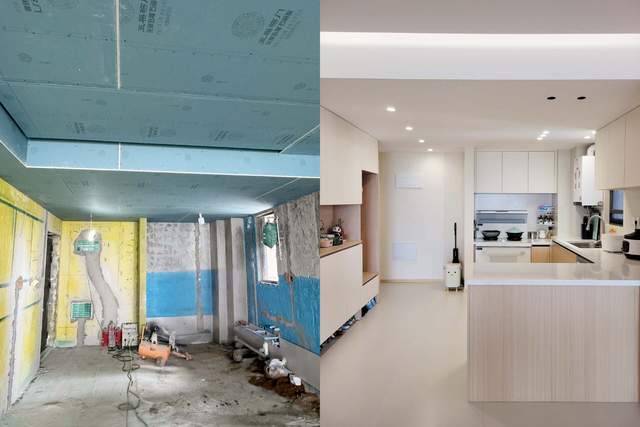 不得不说,装修的时候事情真的是又多又杂,就会很容易遗漏一些问题,在厨房吊顶阶段特别需注意的是,如果你家也要做开放式厨房,厨房上方的石膏板尽量选用防火/耐水的石膏板,更抗油、抗污、防水一些。
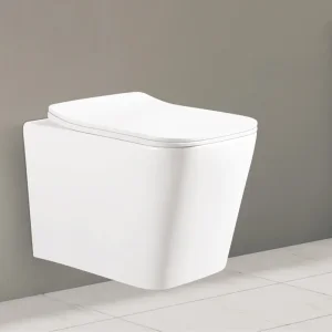 Безободковый унитаз. Сиденье из пластика с механизмом плавного опускания.
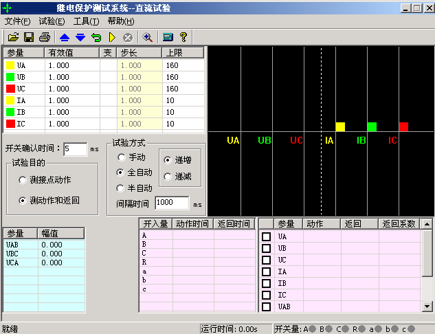 直流試驗模塊提供專門的直流電壓和電流輸出,主要是為了滿足做直流電壓繼電器、時間繼電器以及中間繼電器等試驗的要求。直流模塊的主界面如圖所示:
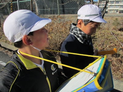 昨年学習したことを思い出しながら,学校内や通学路の放射線量を測定しました。
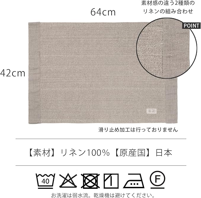 【サイズ】42 64cm【素材】リネン100%【原産国】日本【お手入れ方法】洗濯機でお洗濯できます。ネットに入れて弱水流か、手洗いでお洗濯可能です。脱水は短めにしてください。
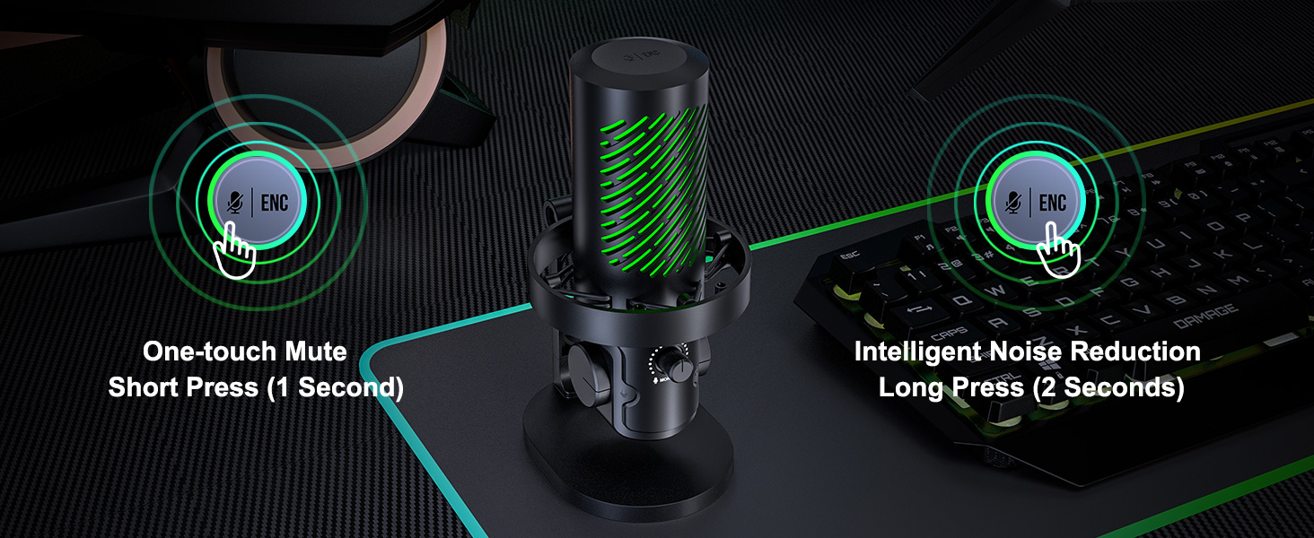 【Instant Touch Mute & Smart Noise Reduction】 Tap the top button for quick mute (red flashing LED indicator); long press 2 seconds to activate AI noise cancellation(green indicator) – eliminates background noise, keyboard clicks, and echo instantly; no more awkward live moments or noisy environments.
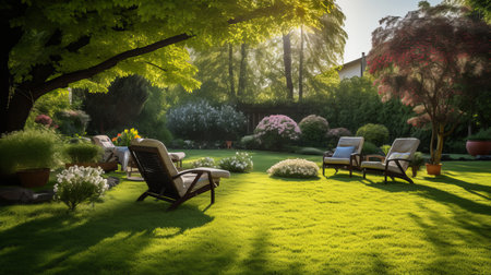 Serene backyard garden scene with green grass, blooming flowers, and cozy patio lounge chairs
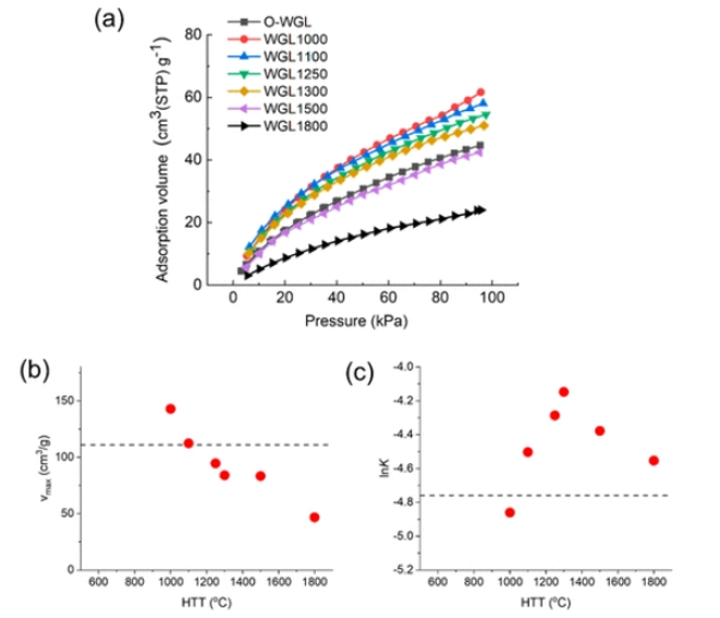 圖6. WGL HTs的氧吸附性能評估:(a)氧吸附等溫線,(b)飽和吸附量(V
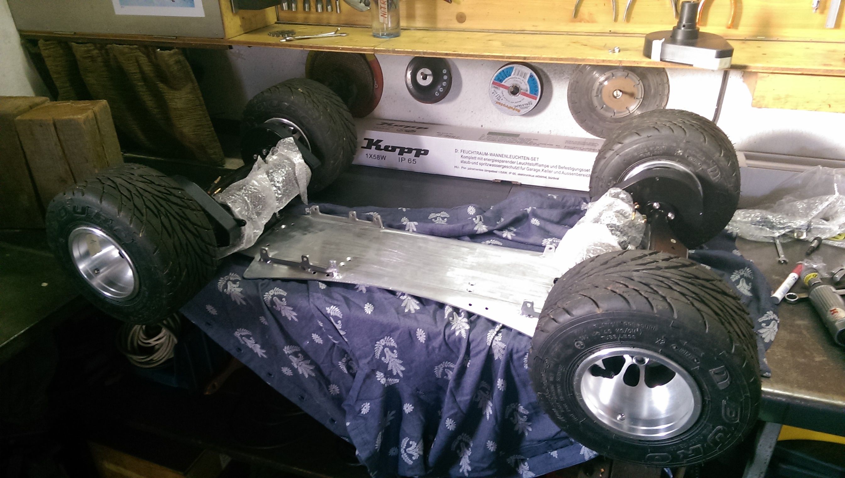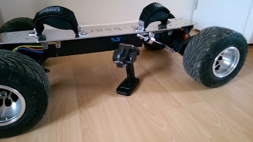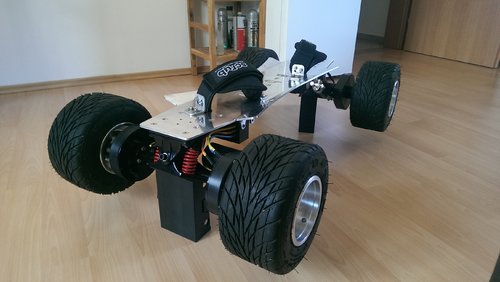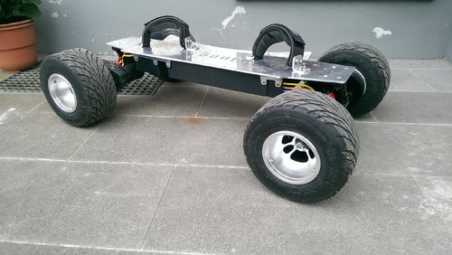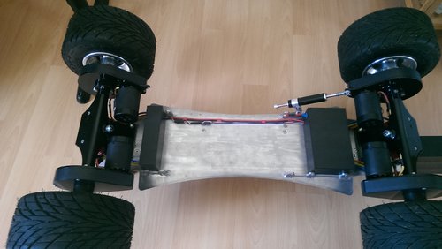 Ja das stimmt die Motoren haben auf der Rückseite eine Abdeckung. Einfluss auf die Motortemperatur hat das aber nicht wirklich. Ich hab da schon einiges probiert. Dazu gehörte auch ein Lüfterad, Aluminium Kühlkörper.... Abdeckung muss sein da ich nicht nur Staub in den Motoren hatte sonder auch kleine steine die dann zwischen Magneten und Wicklung zermalen wurden. Zwei von den C6374 habe ich durch Überlastung schon vernichtet. Das board läuft mit 45km/h noch sehr stabil. Die Mobo Achsen habe ich etwas bearbeitet. Achswinkel wurde verändert. Den Rest macht der Lenkgungstämper und die fein gewuchteten Räder. Ich kann es einfach nicht verkraften wenn ich nicht einmal einen 40km/h schnellen Traktor verfolgen kann. Deshalb 45km/h. Gruß Gerald
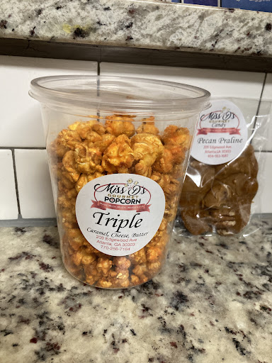 Read moreTop of the line candies and popcorn! My sister is visiting from Florida and we were so happy to be able to visit Miss D's Pralines & Popcorn in Douglasville, GA. From the moment we arrived inside the smells of deliciousness was in the air, fresh made goodies were everywhere! A really nice woman greeted us and we found out she was actually The Miss D!! We sampled Praline Pecan Candy and also Triple Popcorn (Cheddar,Caramel and Butter). They were so delicious, out of this world amazing ! Then we bought several different flavored Popcorns and she was so very kind ,welcoming, professional , helpful and we left there feeling so special and happy! Please go...
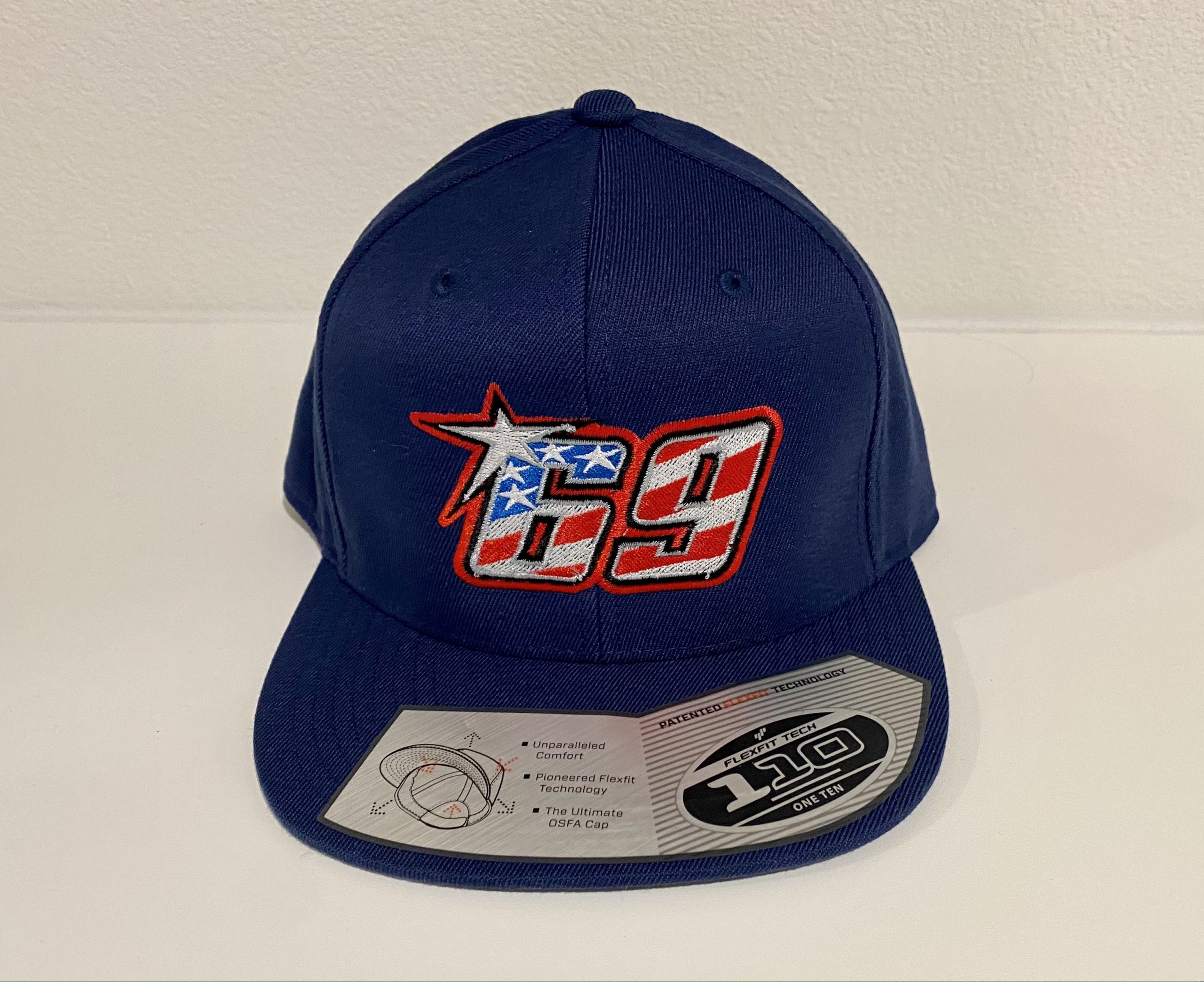 Hat Details: FLEXFIT 110 MULTI-CAM NAVY SNAPBACK HATS. The iconic Nicky Hayden “69” logo on the front.
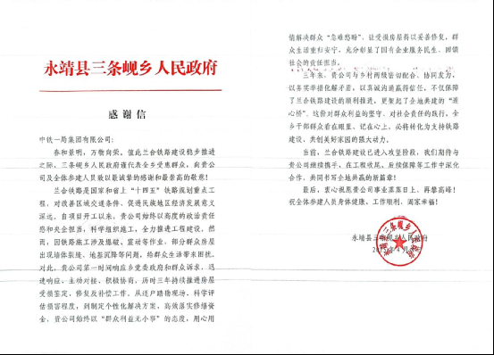 近日,蘭合鐵路項目部收到永靖縣三條峴鄉人民政府發來的感謝信,以及一面由所在地紅峴子村村委會贈送的“為民排憂解難 彰顯企業擔當”錦旗,感謝項目部主動擔責,既護住了鄉親們的安居夢,也保障了工程進度。
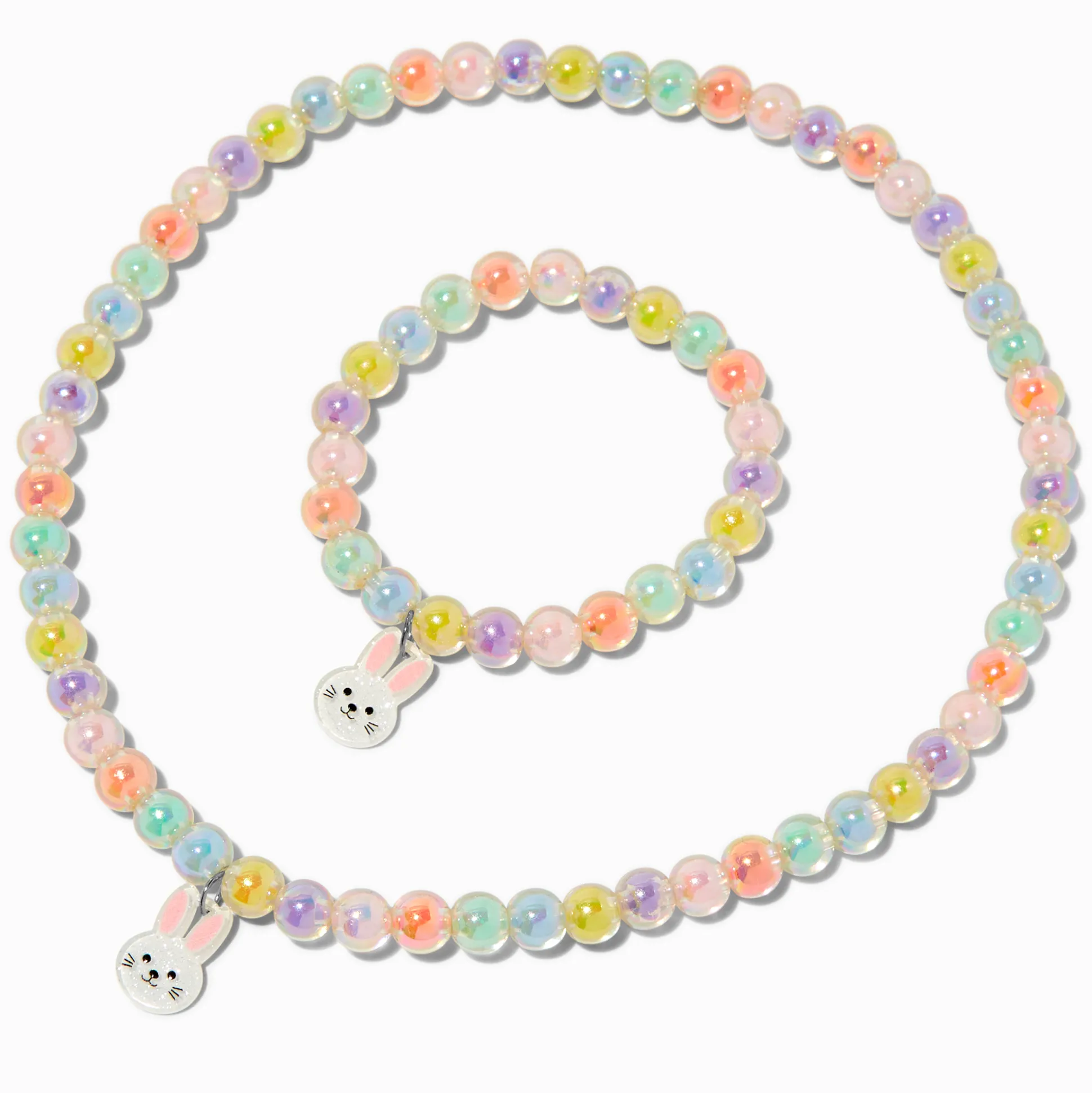 With this necklace and bracelet set on, you’re ready to celebrate Easter. Whether you’re going to a party or egg hunt, this set is your perfect finishing touch. It includes a beaded necklace and a beaded bracelet. Both finished with adorable bunny pendants.
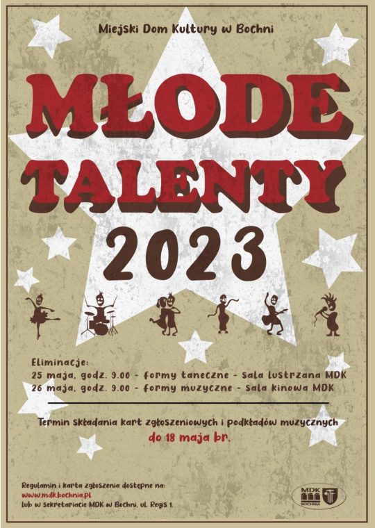 Miejski Dom Kultury w Bochni zaprasza uzdolnione dzieci i młodzież do udziału w...
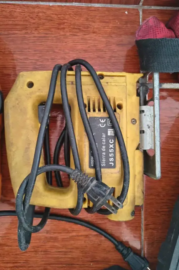 Serra tico-tico amarela, modelo JS55XC, 400W. Usada, com marcas de uso visíveis.
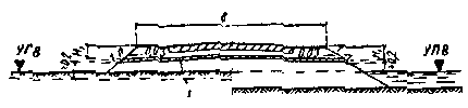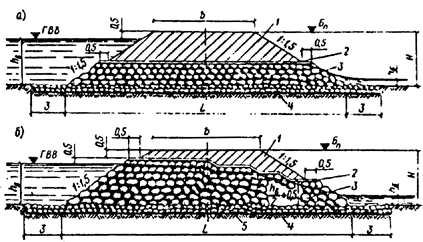 Рис. 40. Продольный разрез фильтрующих насыпей а -напорных; б -безнапорных; 1 -земляное полотно; 2 -изоляционный слой; 3 -ильтрующая часть насыпи; 4 -укрепление основания; 5 -кривая депрессии. ГВВ -расчетный горизонт высоких вод перед сооружением; hв -допускаемая глубина потока перед насыпью; hб-бытовая глубина потока; L -длина фильтрующей насыпи Напорные фильтрующие насыпи, имеющие большую водопропускную способность и требующие меньшего расхода камня по сравнению с безнапорными, целесообразно применять в местах пересечения логов. 17.6. Для фильтрующих насыпей следует предусматривать использование камней примерно одинакового размера, крупностью не менее 0,3 м, морозостойких, неразмягчаемых горных пород (см. приложение 1). В проектах необходимо учитывать, что заполнение пустот между камнями в теле фильтрующих насыпей камнями меньших размеров не допускается. Сверху и с боков фильтрующей части насыпи следует предусматривать устройство изоляции из мха, неразложившегося или слаборазложившегося волокнистого торфа, дерна и других местных материалов толщиной слоя 0,1 м; изоляция укладывается на подготовку из щебня, гравия и камня переменных размеров слоем в 0,3 м. Тело фильтрующей части насыпи должно выступать с обеих сторон земляного полотна в виде берм не менее чем на 0,5 м. Основание фильтрующей насыпи и русло водотока на 3 м в верхнем и нижнем бьефе должны быть укреплены от размыва в соответствии с расчетной скоростью движения воды через насыпь. При этом растительный слой на участках со слаборазмываемыми грунтами удалять не следует. Если верх фильтрующей железнодорожной насыпи располагается на уровне бровки полотна, то над фильтрующей частью и на расстоянии 5 м в обе стороны от нее необходимо предусматривать отсыпку балластного слоя из щебня. 17.7. В проекте производства строительных работ следует предусматривать возведение фильтрующих насыпей способом свободной наброски рваного или скатанного камня, а в случаях применения плитного камня -укладку камней горизонтальными рядами с максимальным оставлением пустот. 17.8. Откосы земляного полотна до верха фильтрующей наброски необходимо укреплять одиночным мощением, бетонными или железобетонными плитами на расстоянии 2 м на входе и выходе от боковой грани фильтрующей насыпи. 17.9. С нагорной стороны фильтрующих насыпей при необходимости следует предусматривать илоудерживающие устройства в виде плетня, вала из камня высотой не менее 0,4 м, фашин и т.д., охватывающие полукольцом на расстоянии около 2 м сходное отверстие. 18. ОСОБЕННОСТИ ПРОЕКТИРОВАНИЯ ЗЕМЛЯНОГО ПОЛОТНА, ВОЗВОДИМОГО В ЗИМНЕЕ ВРЕМЯ18.1. Участки земляного полотна, возводимого в зимнее время, необходимо определять на стадии разработки технического и техно-рабочего проекта и уточнять на стадии разработки рабочих чертежей. 18.2. В проектах необходимо учитывать, что на зимний период целесообразно относить следующие работы: разработку выемок и карьеров в сухих песках, гравийно-галечных и скальных, предварительно разрыхляемых грунтах, а также возведение насыпей из таких грунтов на основаниях, прочностные, и деформативные свойства которых изменяются незначительно в результате их промерзания и оттаивания; разработку в глинистых грунтах выемок глубиной более 3 м с перемещением грунта в кавальер или насыпь; устройство насыпей на болот
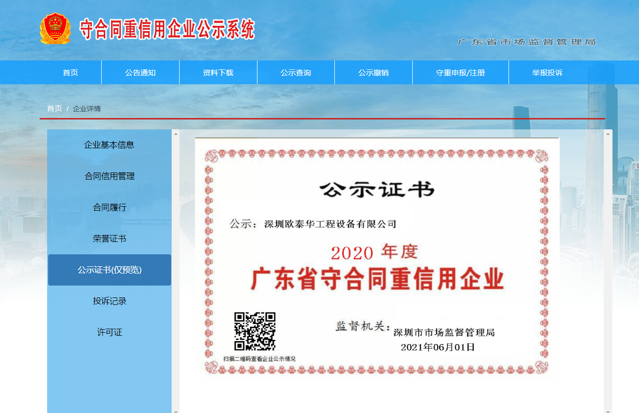 深圳歐泰華榮獲2020年度“廣東省守合同重信用企業”,該項榮譽的公示評選活動是廣東省市場監督管理局核準的一項高規格企業評選,評定標準嚴格,旨在推進企業誠信建設,增強企業社會責任,提升企業公信力等。此獎項已成為廣東省企業信用系建設的重要組成部分,也是市場監管部門對環保企業高度認可的標志。
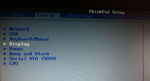 3、按方向键“→”选中“Config”,然后按“↓”键选中“Display”;

* * * * *

Please transcribe exactly the part of the records that opens with the line containing "圖6. WGL HTs的氧吸附性能評估:(a)氧吸附等溫線,(b)飽和吸附量(V" and closes with the line containing "With this necklace", both ends included, and leave out the pictures.

Answer to this exercise:
 圖6. WGL HTs的氧吸附性能評估:(a)氧吸附等溫線,(b)飽和吸附量(V
 Ja das stimmt die Motoren haben auf der Rückseite eine Abdeckung. Einfluss auf die Motortemperatur hat das aber nicht wirklich. Ich hab da schon einiges probiert. Dazu gehörte auch ein Lüfterad, Aluminium Kühlkörper.... Abdeckung muss sein da ich nicht nur Staub in den Motoren hatte sonder auch kleine steine die dann zwischen Magneten und Wicklung zermalen wurden. Zwei von den C6374 habe ich durch Überlastung schon vernichtet. Das board läuft mit 45km/h noch sehr stabil. Die Mobo Achsen habe ich etwas bearbeitet. Achswinkel wurde verändert. Den Rest macht der Lenkgungstämper und die fein gewuchteten Räder. Ich kann es einfach nicht verkraften wenn ich nicht einmal einen 40km/h schnellen Traktor verfolgen kann. Deshalb 45km/h. Gruß Gerald
 Read moreTop of the line candies and popcorn! My sister is visiting from Florida and we were so happy to be able to visit Miss D's Pralines & Popcorn in Douglasville, GA. From the moment we arrived inside the smells of deliciousness was in the air, fresh made goodies were everywhere! A really nice woman greeted us and we found out she was actually The Miss D!! We sampled Praline Pecan Candy and also Triple Popcorn (Cheddar,Caramel and Butter). They were so delicious, out of this world amazing ! Then we bought several different flavored Popcorns and she was so very kind ,welcoming, professional , helpful and we left there feeling so special and happy! Please go...
 Hat Details: FLEXFIT 110 MULTI-CAM NAVY SNAPBACK HATS. The iconic Nicky Hayden “69” logo on the front.
 近日,蘭合鐵路項目部收到永靖縣三條峴鄉人民政府發來的感謝信,以及一面由所在地紅峴子村村委會贈送的“為民排憂解難 彰顯企業擔當”錦旗,感謝項目部主動擔責,既護住了鄉親們的安居夢,也保障了工程進度。
 With this necklace and bracelet set on, you’re ready to celebrate Easter. Whether you’re going to a party or egg hunt, this set is your perfect finishing touch. It includes a beaded necklace and a beaded bracelet. Both finished with adorable bunny pendants.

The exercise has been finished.